Хотелось бы, конечно, пополнить этот основной для батальона отряд рабочих (не закроешь глаза на предстоящие потери в боях). Однако плотницкому делу новичка за месяц не обучишь, а вооружишь топором неумелого, он раз — по полену, а другой — по колену…
Для занятий ополченцам потребовалась литература. Лапшину, работавшему и за начальника штаба, новая забота: раздобыть необходимые учебники, справочники, наставления. Впрочем, Александр Васильевич уже набирает книги по военным библиотекам города. В подсказках он не нуждается.
Казалось бы, поезд, которому я уподобил начавший жить батальон, не только двинулся со станции со всем своим многообразным грузом, но и развивает неплохую скорость… Однако чуть не каждый день, если продолжать железнодорожные сравнения, надобилось подбивать путь. Хватало нам с комиссаром забот! И однажды Владимир Васильевич сказал, поморщившись:
— Пойдем-ка из канцелярии, здесь больно сургучный дух. Потолкуем о наших делах за чайком.
Но лучше бы мне не знать этого чаепития. Едва я не распрощался с батальоном. Вынужденно. Не по своей воле…
Пришли в свою комнату. Распахнул я окно — и зеленый мир перед глазами: окно выходит прямо в Михайловский сад.
А комиссар — к посудному шкафчику на стене. Домовитый, как погляжу, человек Владимир Васильевич! На письменном столе уже свежая, захрустевшая от крахмала скатерть, а на ней целое воинство чайных предметов и принадлежностей: сахарница, сухарница, чашки, блюдца, банка с домашним вареньем и розетки для его потребления, масло в масленке, сливочник — хотя и пустой, но, как видно, обязанный быть в строю…
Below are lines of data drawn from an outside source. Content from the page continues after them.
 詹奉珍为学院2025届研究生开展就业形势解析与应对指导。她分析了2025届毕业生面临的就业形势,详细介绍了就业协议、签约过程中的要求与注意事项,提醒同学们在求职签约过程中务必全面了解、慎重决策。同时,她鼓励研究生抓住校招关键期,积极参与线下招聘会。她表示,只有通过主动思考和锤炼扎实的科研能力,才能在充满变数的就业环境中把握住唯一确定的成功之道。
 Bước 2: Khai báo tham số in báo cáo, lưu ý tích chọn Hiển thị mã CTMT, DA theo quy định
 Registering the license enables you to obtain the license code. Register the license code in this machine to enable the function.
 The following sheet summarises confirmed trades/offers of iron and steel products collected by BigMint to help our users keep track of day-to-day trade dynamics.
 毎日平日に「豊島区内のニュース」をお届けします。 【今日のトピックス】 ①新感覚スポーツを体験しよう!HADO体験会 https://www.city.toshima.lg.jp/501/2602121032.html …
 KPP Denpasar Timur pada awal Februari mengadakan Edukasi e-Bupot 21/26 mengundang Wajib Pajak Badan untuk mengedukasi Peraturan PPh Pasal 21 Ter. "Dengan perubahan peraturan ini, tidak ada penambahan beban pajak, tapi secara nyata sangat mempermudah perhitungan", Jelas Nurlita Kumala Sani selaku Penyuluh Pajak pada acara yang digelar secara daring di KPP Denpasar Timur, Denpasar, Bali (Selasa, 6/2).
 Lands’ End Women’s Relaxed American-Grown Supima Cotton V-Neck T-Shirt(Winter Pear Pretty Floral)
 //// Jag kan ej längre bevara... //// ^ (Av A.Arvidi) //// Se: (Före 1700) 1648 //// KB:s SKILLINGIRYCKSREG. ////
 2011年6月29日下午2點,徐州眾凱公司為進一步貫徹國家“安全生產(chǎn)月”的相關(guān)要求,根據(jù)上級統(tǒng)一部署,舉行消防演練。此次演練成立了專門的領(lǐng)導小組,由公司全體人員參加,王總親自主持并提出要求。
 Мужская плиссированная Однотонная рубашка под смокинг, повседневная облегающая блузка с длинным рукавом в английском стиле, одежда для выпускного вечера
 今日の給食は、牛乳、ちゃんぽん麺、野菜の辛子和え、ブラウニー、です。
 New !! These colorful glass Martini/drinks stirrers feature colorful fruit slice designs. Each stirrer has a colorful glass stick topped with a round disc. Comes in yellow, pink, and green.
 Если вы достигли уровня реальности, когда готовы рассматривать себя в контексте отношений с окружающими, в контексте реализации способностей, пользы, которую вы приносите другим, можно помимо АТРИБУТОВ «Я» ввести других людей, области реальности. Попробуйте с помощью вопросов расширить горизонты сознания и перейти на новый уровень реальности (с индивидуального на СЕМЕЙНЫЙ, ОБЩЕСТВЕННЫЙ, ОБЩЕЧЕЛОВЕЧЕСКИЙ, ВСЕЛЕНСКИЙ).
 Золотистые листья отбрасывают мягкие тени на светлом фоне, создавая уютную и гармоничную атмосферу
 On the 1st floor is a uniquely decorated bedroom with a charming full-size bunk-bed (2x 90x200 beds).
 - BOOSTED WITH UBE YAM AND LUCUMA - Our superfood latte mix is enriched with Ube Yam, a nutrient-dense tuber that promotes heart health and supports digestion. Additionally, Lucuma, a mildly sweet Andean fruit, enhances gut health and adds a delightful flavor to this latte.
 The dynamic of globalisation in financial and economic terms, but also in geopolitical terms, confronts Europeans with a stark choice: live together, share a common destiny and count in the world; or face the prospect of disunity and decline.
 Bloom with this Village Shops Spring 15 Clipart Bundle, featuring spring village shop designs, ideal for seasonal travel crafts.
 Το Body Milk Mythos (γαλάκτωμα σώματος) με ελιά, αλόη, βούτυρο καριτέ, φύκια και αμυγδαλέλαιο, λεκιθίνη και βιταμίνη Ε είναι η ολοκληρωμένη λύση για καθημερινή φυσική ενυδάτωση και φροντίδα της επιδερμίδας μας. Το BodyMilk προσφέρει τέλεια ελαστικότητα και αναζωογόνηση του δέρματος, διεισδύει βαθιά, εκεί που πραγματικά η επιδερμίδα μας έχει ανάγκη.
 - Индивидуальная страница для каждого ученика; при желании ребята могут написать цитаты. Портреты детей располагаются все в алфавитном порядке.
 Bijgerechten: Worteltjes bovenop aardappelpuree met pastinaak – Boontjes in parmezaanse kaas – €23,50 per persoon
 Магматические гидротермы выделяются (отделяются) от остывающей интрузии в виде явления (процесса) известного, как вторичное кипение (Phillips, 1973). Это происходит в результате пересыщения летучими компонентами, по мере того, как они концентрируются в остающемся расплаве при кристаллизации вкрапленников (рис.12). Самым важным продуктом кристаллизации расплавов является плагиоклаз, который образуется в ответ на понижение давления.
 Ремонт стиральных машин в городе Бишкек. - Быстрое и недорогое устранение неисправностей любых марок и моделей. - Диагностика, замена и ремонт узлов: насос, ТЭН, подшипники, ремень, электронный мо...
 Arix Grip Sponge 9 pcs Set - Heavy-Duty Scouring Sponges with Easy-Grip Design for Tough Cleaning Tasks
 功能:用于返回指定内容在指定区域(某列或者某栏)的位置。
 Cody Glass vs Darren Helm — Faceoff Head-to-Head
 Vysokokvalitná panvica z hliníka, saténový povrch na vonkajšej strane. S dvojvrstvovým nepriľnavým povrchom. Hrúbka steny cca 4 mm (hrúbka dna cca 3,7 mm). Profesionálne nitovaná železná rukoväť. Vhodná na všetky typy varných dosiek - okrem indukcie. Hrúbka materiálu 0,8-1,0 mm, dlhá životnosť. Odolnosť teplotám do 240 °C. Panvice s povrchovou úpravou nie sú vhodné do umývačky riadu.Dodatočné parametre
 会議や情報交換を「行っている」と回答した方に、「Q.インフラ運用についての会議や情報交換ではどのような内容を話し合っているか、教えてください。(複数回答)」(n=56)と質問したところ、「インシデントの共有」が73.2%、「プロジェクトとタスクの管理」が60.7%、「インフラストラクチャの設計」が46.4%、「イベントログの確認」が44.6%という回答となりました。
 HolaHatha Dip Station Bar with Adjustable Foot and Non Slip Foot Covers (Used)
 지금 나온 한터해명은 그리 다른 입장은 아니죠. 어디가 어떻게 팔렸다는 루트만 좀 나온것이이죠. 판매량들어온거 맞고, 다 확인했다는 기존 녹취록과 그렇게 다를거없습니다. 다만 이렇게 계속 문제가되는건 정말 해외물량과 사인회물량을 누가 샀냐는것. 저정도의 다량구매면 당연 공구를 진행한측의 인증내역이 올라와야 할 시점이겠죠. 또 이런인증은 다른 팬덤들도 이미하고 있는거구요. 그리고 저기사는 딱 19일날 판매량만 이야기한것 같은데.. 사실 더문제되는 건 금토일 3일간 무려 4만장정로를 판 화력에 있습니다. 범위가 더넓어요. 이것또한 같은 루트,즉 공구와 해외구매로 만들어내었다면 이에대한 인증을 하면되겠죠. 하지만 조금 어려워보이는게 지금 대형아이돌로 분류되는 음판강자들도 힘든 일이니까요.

Командовать парадом явился из шкафчика Кот в сапогах. Сказочный этот герой в присвоенных ему доспехах был изображен на фарфоровой кружке, пузатенькой, старинного фасона. Да и сама эта кружка — если вглядеться — была возраста почтенного: вся в мелких, волосяных трещинах, которые, как известно, на фарфоре то же самое, что морщины на лице состарившегося человека. Налив мне и себе чаю, сказав «приступим», Владимир Васильевич пододвинул к себе кружку, постучал пальцем по котовой мордашке. Улыбнулся: «С детства мой сотрапезник». И, причмокивая, углубился в любимое, как видно, свое занятие — попивать чаек. Время от времени он брал щипчики и раскалывал куски сахара. Чай Владимир Васильевич признавал только вприкуску.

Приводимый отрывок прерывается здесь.